Stress-test your plot for holes, contradictions and unearned turns
Audits a draft's causal chain and setups, then files each break with severity and the smallest fix that preserves intent.
When to use it: When a draft is done enough to break, and you want the cold-reader logic pass before a human reader trips on it.
You are a development editor running a logic audit on a story. Your job is not taste - it is causality, consistency and earned turns. Every finding must cite the text, and every fix must be the smallest one that preserves the author's intent.
<draft>
[paste the manuscript, or a full synopsis plus the key scenes verbatim]
</draft>
<author_notes>
GENRE + WORLD RULES: [what is possible in this world - stated limits, tech, magic, era; e.g. "1998, no mobile reception in the valley"]
THE TURNS THAT SHOULD SURPRISE: [what I intend as reveals or twists]
KNOWN WORRIES: [anything I already suspect is broken]
</author_notes>
Before filing findings, rebuild the plot as a causal chain - each major event linked by "therefore" or "but", never "and then". Where a link only works as "and then", that is a candidate hole.
Audit and file findings in these classes:
1. LOGIC: events that contradict earlier events or the stated world rules - cite both passages.
2. MOTIVATION: choices where a character acts against their established wants/fears without shown cause ("the plot needed it" is the disease).
3. TIMELINE: day/travel/age arithmetic that does not add up - show the arithmetic.
4. KNOWLEDGE: characters knowing or forgetting things the text has not given or taken from them.
5. UNEARNED TURNS: each intended twist tested - what earlier material sets it up? A twist with zero prior support is a cheat; one with too much is telegraphed. Say which way each leans.

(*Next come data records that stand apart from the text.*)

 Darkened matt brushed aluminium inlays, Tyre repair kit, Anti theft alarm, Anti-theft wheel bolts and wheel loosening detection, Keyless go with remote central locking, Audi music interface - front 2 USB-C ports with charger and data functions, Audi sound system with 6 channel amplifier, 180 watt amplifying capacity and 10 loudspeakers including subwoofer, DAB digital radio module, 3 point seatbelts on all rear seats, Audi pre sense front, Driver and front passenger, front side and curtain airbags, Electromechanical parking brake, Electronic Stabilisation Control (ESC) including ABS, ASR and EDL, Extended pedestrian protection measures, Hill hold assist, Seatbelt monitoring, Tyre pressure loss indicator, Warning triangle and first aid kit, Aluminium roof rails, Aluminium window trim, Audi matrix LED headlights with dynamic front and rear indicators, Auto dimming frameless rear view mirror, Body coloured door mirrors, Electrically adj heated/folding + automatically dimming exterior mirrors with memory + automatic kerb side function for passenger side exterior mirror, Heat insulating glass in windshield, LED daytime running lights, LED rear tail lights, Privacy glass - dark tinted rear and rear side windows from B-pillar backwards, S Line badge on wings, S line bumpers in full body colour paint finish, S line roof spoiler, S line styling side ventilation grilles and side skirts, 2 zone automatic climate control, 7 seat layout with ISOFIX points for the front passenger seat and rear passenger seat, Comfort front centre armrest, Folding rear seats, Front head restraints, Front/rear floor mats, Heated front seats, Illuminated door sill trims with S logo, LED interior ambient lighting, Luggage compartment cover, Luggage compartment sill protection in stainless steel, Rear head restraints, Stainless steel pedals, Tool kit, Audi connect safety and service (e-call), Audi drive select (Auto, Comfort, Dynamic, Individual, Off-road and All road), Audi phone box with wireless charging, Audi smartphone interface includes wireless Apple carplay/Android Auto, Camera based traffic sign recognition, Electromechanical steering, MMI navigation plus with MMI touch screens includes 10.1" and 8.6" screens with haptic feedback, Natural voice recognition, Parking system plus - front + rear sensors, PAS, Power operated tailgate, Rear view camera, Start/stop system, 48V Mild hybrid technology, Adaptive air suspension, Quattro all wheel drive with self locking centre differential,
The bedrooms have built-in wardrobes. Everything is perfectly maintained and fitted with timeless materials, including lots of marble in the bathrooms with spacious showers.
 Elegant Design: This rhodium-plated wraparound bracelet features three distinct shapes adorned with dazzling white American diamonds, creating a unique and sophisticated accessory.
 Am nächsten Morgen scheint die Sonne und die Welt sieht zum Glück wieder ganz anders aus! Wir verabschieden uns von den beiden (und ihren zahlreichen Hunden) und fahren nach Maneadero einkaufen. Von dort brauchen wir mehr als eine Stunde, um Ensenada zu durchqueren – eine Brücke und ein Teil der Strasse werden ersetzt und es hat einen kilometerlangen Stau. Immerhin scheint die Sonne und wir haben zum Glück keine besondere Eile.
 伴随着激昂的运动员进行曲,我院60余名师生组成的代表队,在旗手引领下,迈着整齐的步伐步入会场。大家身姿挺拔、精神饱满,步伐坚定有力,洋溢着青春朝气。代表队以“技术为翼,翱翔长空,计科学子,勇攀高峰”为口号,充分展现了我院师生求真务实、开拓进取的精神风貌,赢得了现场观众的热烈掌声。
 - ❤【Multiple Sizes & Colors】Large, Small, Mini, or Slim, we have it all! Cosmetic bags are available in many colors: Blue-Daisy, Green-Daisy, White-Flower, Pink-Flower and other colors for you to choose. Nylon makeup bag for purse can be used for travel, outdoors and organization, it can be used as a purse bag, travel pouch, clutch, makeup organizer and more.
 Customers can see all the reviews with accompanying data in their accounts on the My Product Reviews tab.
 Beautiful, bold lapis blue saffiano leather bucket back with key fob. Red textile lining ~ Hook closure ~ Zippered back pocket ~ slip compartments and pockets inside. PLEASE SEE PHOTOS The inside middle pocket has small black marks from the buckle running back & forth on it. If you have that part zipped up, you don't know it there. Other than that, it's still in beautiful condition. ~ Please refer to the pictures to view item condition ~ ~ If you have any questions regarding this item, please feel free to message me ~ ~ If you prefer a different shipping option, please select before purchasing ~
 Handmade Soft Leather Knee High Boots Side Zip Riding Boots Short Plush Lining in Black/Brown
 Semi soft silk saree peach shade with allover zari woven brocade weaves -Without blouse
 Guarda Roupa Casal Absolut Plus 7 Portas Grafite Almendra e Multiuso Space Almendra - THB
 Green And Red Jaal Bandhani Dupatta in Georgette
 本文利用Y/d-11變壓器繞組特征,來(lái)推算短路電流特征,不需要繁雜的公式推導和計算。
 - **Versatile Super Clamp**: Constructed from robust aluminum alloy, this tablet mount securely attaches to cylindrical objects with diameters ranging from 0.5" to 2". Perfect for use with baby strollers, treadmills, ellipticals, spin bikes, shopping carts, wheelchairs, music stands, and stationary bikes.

6. SETUP/PAYOFF LEDGER: planted guns that never fire, and fired guns never planted.
Requirements per finding: location, class, severity (breaks the book / breaks the scene / a careful reader frowns), why it breaks, and the smallest fix - prefer a line of setup over a new scene, a new scene over restructuring.
Also list 3 load-bearing strengths (what must NOT be touched in revision, and which findings threaten them).
Output: causal chain (compressed) -> findings table by severity -> setup/payoff ledger -> strengths -> the one fix you would make first.
Grounding: only the provided text and notes exist - no assumed genre conventions filling gaps; where the draft is silent rather than contradictory, file it as a question, not a hole.
Copy the block above straight into Claude — anything in [BRACKETS] is yours to fill in.